I think the 'problem' with volunteered information has already proven to be minimal by Wikipedia, which I doubt many internet users can go a week (or even a day) without using to learn something new.

Of course, I think that OpenStreetMap needs an easier way to quickly revert vandalism edits, but I believe there are some technical problems to making this a one-click process like it is for Wikipedia. However, despite the exponential user growth, I don't believe that vandalism is a bug problem at the moment. In Brisbane, I've only had to revert one case of vandalism, and that user gave up relatively quickly.

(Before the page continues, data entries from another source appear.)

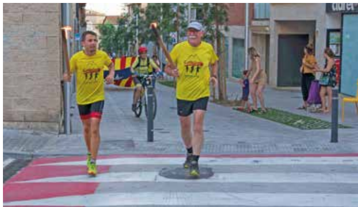
▲ La Flama del Canigó arribarà fins a la plaça Nova de les Dones del Tèxtil. RAMON BOADELLA

Seguint els consells de Protecció Civil de la Generalitat, es recomana evitar la tradicional comitiva de masnovins i masnovines durant el recorregut de la Flama. Al seu destí final, la plaça Nova de les Dones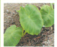
元気に育った里芋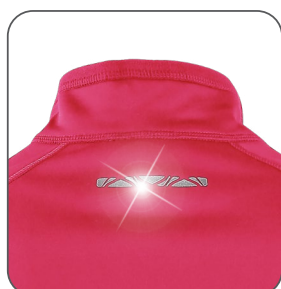
reflexní doplňky reflexné doplnky reflective accessories elementy odblaskowe

I don't think OpenStreetMap is having any problems expanding its user base, but I'm sure there are still a large volume of people who would be interested in OpenStreetMap, if only they knew that it existed.

One of the major issue for OpenStreetMap in Australia will be how are we going to go about getting all of the roads. As Australia is a large country with a very low population density there are a lot of roads to map, and it is clearly not something that will be completed if people only map their local area (unless we can convince everyone in Australia to help).

While there are some datasets that we could potentially convince the government to release, it is unclear how reliable this data is, with many rural areas reported as having many incorrect details, particular with gazetted roads that don't actually exist. Some of the commercial mapping providers who care about accuracy pay workers who drive around Australia full-time to collect these details, but it is not clear how OpenStreetMap can collect similar information (and keep it up-to-date) purely through volunteer methods.

What kind of things to you see on the OSM horizon?

I think the best thing to improve OpenStreetMap is to get more people using it. If we can get people using OpenStreetMap maps in their car navigation devices or on their mobile phones they will have the best maps possible in many areas, and when they spot mistakes they can fix them easily, or just pop up a flag to let more dedicated mappers have a look at the problem. However, there still isn't really any software using OpenStreetMaps that approaches the ease of use of modern car navigation software, but I know people are working on it...

You said you'd heard of Nestoria - do you have any advice for us entering the Australian market?  Or any suggestions about how to improve what we've got at the moment?

Make the OpenStreetMaps default instead of Google :) .

I don't have a lot of experience in real estate websites, but it'll be interesting to see how Nestoria manages to crack the near-monopoly that the existing main real estate has in Australia. I've tried using other real estate websites in Brisbane before, but found that there was nowhere near as many places listed as the main real estate website that nearly everyone uses.

Is there anything else you'd like to talk about now you've hopefully got flowing?

If the reader is interested in OpenStreetMap, go and attend a mapping party in your local area (check wiki.osm.org). If your local area doesn't have any mapping parties, start one!

Thanks again for taking the time to share your Aussie take on OpenStreetMap.